French Foreign Minister Bernard Kouchner, presiding over a special Security Council meeting on the Gaza crisis, called for an immediate cease-fire that would also ensure an end to Palestinian rocket attacks against southern Israel and the smuggling of weapons from Egypt into Gaza for Hamas militants.

He said France expected Israel's response today to a cease-fire proposal announced by Egyptian President Hosni Mubarak after a meeting with French President Nicolas Sarkozy, and "we harbor hope that it will be a positive one," Kouchner said.

Israel's UN envoy said late last evening that the Israelis were taking Egypt's proposal for a cease-fire in Gaza "very seriously" but left open whether or not Israel would accept it.

"I am sure that it will be considered and you will find out whether it was accepted," Israeli Ambassador Gabriela Shalev told reporters. "But we take it very, very seriously."

In the Gaza Strip, a Palestinian official said Hamas leaders, who want an end to Israel's blockade of the coastal enclave, had been briefed in Egypt on the proposals by Mubarak and were debating them internally.

The Mubarak announcement received explicit backing from Palestinian President Mahmoud Abbas and US Secretary of State Condoleezza Rice.

Rice told the Security Council meeting that the United States understood the growing desire for a cease-fire. "In this regard, we are pleased by, and wish to commend, the statement of the president of Egypt and to follow up on that initiative," she said.

But Rice added that any solution must address Israel's security.

"There must be a solution this time that does not allow Hamas to use Gaza as a launching pad against Israeli cities. It has to be a solution that does not allow the rearmament of Hamas, and it must be a solution that finds a way to open (border) crossings so that Palestinians in Gaza can have a normal life," she said.

Abbas' Fatah movement was ousted from Gaza in 2007 when Hamas, which does not recognize Israel's right to exist, seized control of the enclave. Gaza has some 1.5 million Palestinians, most of whom are dependent on some form of humanitarian aid.

Rice said it was crucial for Abbas' Palestinian Authority to reestablish its control over Gaza.

"Our goal must be the stabilization and normalization of life in Gaza," she said.

Libya has circulated several versions of a draft resolution that calls for a truce and criticizes Israel. Western diplomats said the text had little chance of passing.

Shalev, in her speech to the council earlier, made no reference to the Egyptian cease-fire proposal, and was dismissive of the idea that the council was obligated to weigh in on the conflict. "The credibility of this council is measured not by the pieces of paper it issues, but by the values it upholds," she said.

Diplomats said negotiations in New York on a cease-fire resolution may have been overtaken by Mubarak's proposal, which calls for a limited initial truce to allow aid into Gaza and give time for Egypt to broker a permanent ceasefire.

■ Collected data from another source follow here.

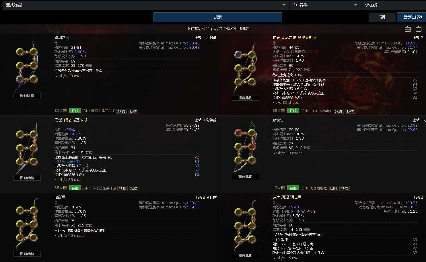 其实武器的选择,有很多种方案。我们需要的是一把高伤害的弓,请注意,这个BD对攻速的要求并不高,攻速并不能提高BD的DPS,但是能提高你刷图的手感。比较廉价实惠的,当然是选择一把刺猬弓(射成筛子命运卡换的6L弓)。更正一下,刺猬弓换的短弓基础伤害实在有点低,这样伤害来源会比较依赖技能石的点伤。所以建议大家还是找一些伤害比较高的弓来做。如果之前有人看了我前面那段用刺猬弓的话,在这里说个抱歉,把刺猬弓转手卖了再买个好一点的底子,6L最好,然后化石洗就行。不过,我不太建议选择1.2攻速的先驱弓,因为真的很慢。
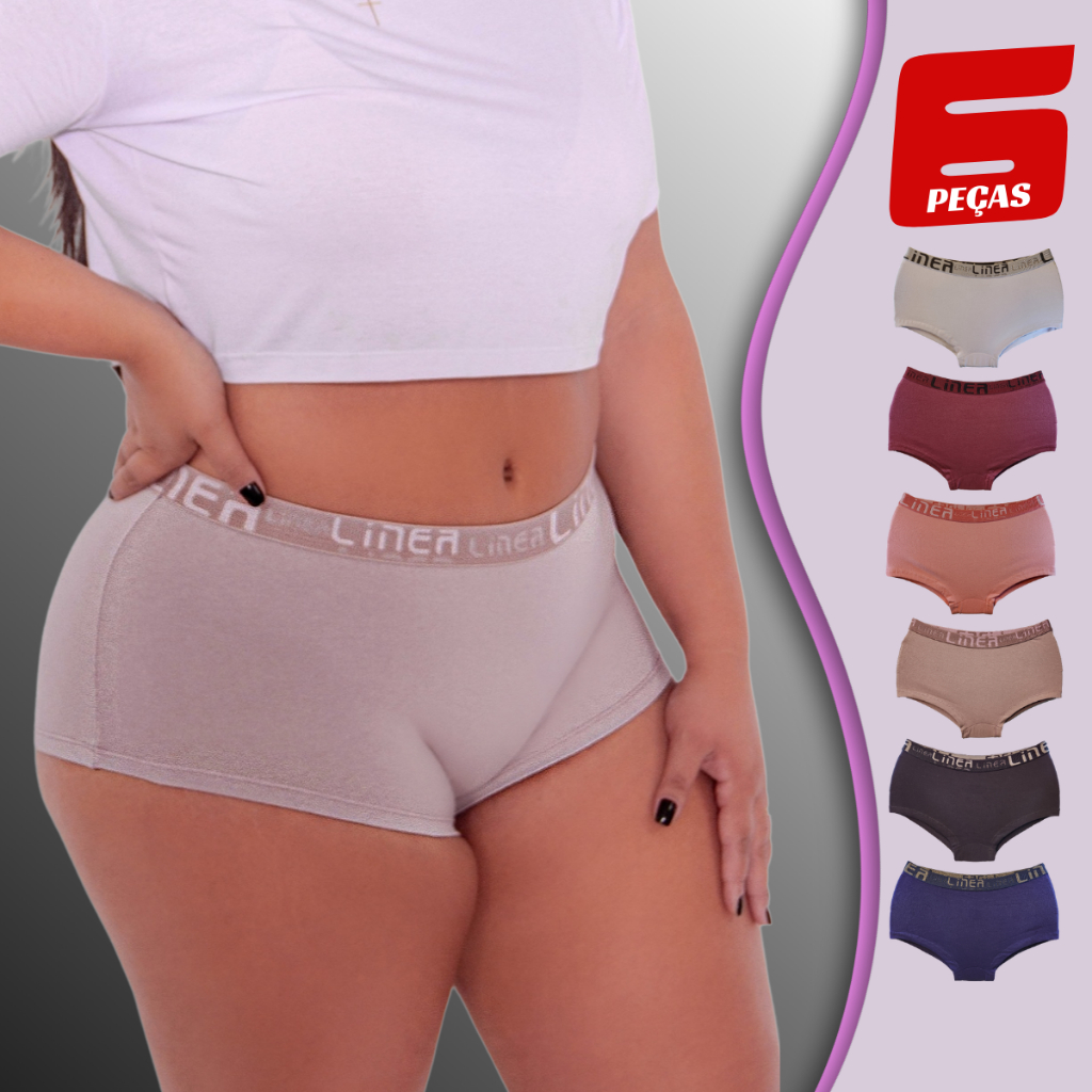 Kit Calcinhas PLUS SIZE Cueca Boxer Feminina Refoçada Algodão Conforto e Qualidade | Macia, Respirável, Tam.: 46 ao 52
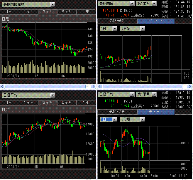 こんばんは。NY市場は、相変わらず原油と金融が懸念となっているようですね。ダウは、とうとう3月安値を割れてしまいました。日本は、ドル円が落ち着いていれば一気には下がらないと思いますが、円高が同時に来るとまた急落しそうです。
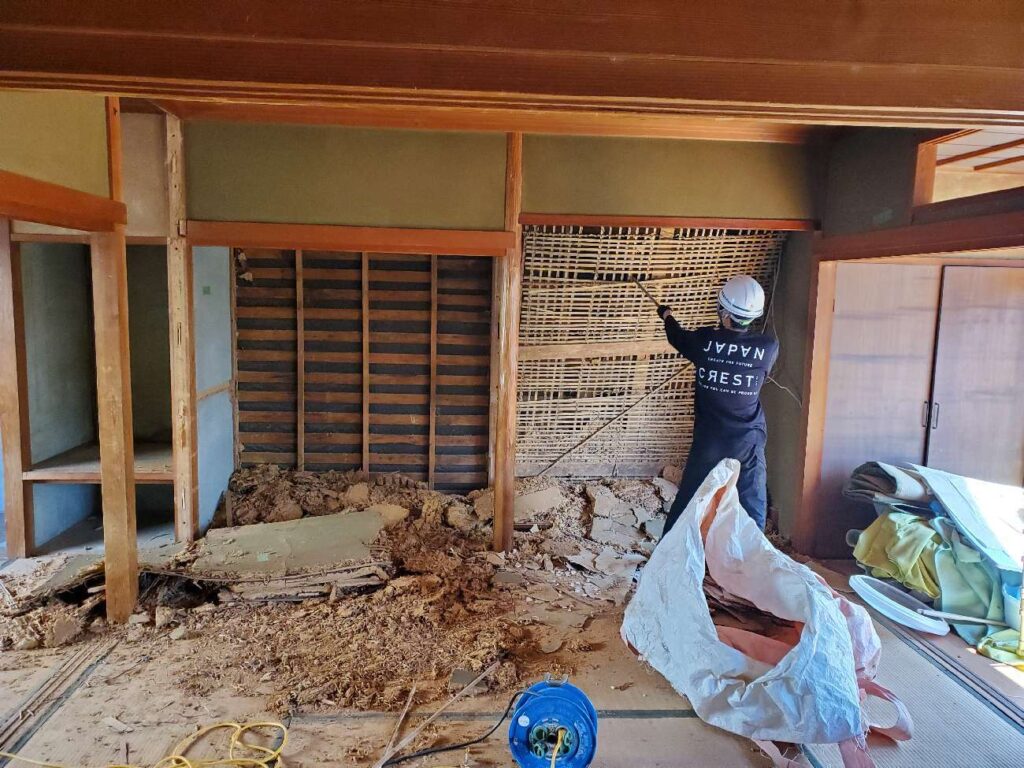 解体作業では、まず土壁の土を丁寧に落としていきます。写真では、土を落とした後の小舞が見えています。この竹の下地を見ると、昔の職人さんが一本一本手作業で編んでいったことがわかります。
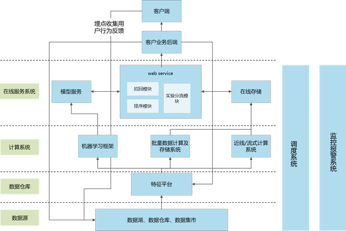 上图展示的是音视频行业根据用户行为(浏览、观看、点击、收藏、评论、购买等),依托数据湖及Lambda架构进行千人千面音视频推荐的推荐系统架构。日志数据通过客户端的埋点进行收集并存储在数据湖中,经过清洗的数据流分别进入批、流处理系统分别进行模型的训练和基于当前模型的对于实时数据的推理预测处理,批、流处理后的数据上报给客户业务后端,其作为整体框架的服务层将推荐结果统一推送给客户端,完成客户端的推荐业务。
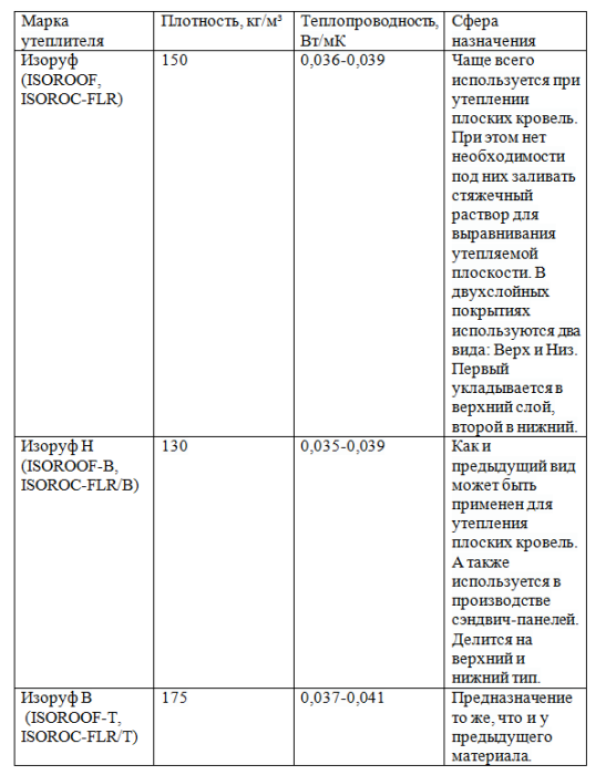 Понятно, что каждая модификация утеплителя Isoroc-Изоруф имеет определенное предназначение для теплоизоляции разных конструкций здания. Рассмотрим характеристики материала и их особенности в сводной таблице.
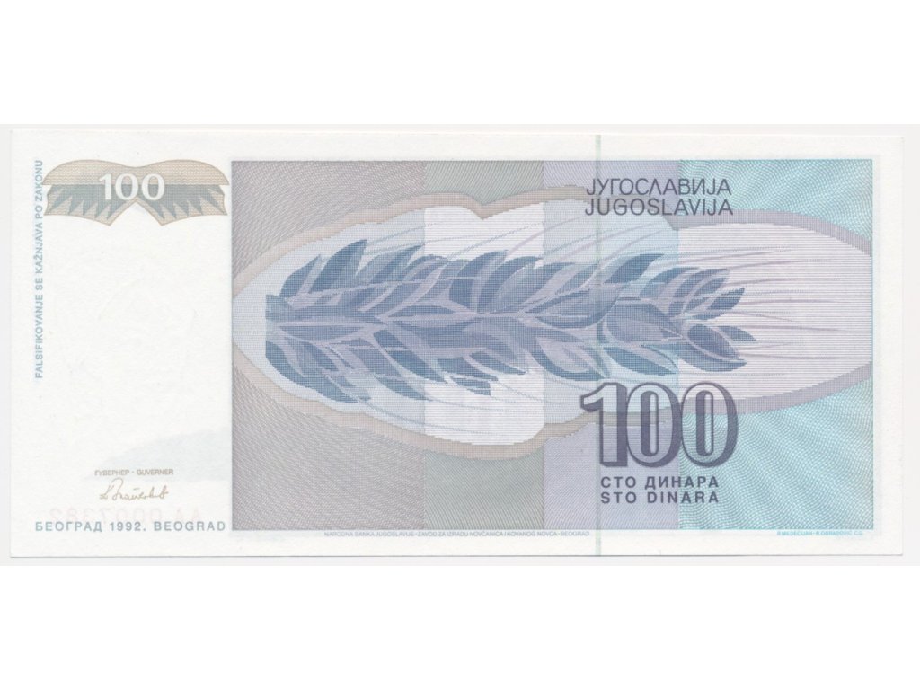 Jugoslávie, 100 Dinara, 1992, stav UNC
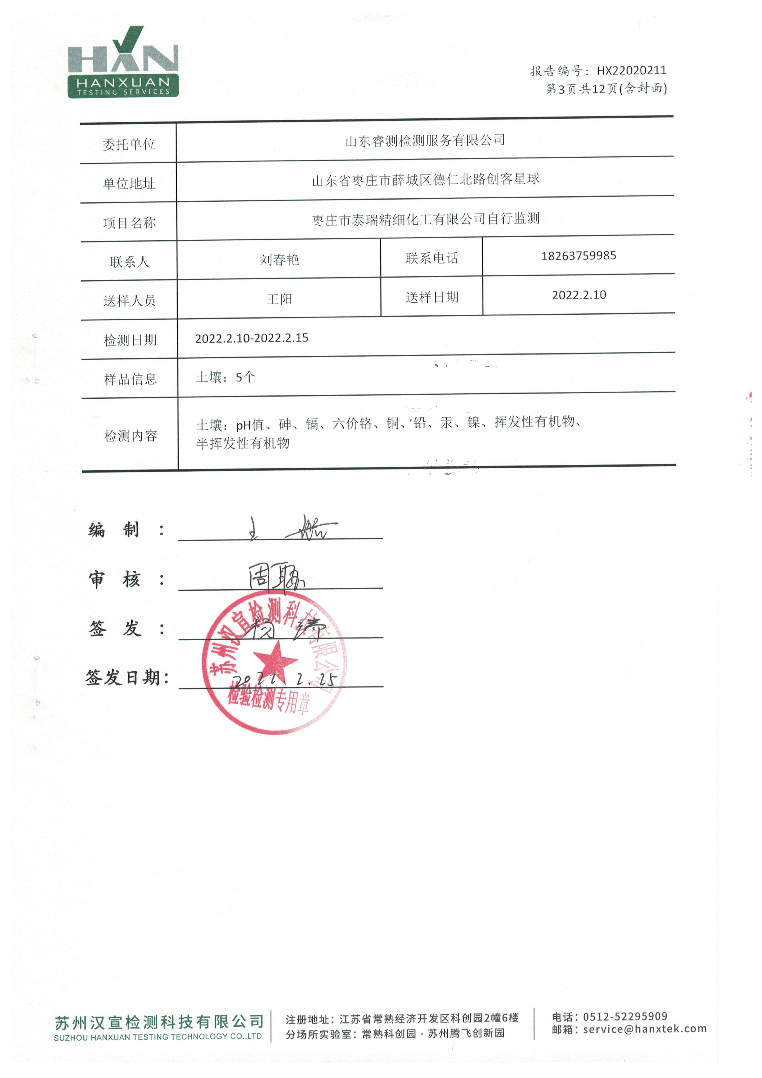 2022年2月份及第一季度自行檢測(cè)報(bào)告

In Jerusalem, Prime Minister Ehud Olmert's office said Israel will set up a "humanitarian corridor" for the Gaza Strip, after aid agencies complained of a mounting crisis for the enclave's 1.5 million Palestinians.

Israeli ground forces have bisected the territory and encircled major populated areas.

Olmert's office said in a statement that the corridor had been recommended by Israel's military chiefs and would entail granting periodic access to various areas of the strip to allow Palestinians to stock up on vital goods.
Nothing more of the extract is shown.